#### Source material ####

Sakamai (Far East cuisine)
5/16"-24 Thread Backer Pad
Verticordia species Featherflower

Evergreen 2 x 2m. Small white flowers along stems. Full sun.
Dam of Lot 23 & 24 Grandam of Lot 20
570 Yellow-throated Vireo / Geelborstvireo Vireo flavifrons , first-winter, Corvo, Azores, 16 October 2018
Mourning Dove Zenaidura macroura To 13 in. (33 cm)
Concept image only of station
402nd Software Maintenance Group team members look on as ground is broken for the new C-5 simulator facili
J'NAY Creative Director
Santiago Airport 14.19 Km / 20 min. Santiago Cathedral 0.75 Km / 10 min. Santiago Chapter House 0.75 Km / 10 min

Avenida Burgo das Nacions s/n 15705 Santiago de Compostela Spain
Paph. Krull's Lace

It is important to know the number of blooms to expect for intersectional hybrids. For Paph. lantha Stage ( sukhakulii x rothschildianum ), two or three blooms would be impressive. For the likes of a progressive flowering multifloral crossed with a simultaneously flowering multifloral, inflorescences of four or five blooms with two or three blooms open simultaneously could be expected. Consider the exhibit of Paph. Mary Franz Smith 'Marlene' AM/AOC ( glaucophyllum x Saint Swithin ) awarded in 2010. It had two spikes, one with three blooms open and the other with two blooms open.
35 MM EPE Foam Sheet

####
#### Source material ####

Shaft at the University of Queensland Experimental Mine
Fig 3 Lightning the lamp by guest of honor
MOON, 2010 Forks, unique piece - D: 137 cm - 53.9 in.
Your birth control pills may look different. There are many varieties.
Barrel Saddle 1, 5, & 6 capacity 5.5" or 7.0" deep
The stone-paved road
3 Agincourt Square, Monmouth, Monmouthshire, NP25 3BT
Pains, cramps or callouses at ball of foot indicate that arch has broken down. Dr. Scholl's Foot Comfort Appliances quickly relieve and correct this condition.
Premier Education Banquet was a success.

####

> [Directions for this task]:
Every line of the material above that has the string "broken" needs pulling out.

> [Result of the exercise]:
402nd Software Maintenance Group team members look on as ground is broken for the new C-5 simulator facili
Pains, cramps or callouses at ball of foot indicate that arch has broken down. Dr. Scholl's Foot Comfort Appliances quickly relieve and correct this condition.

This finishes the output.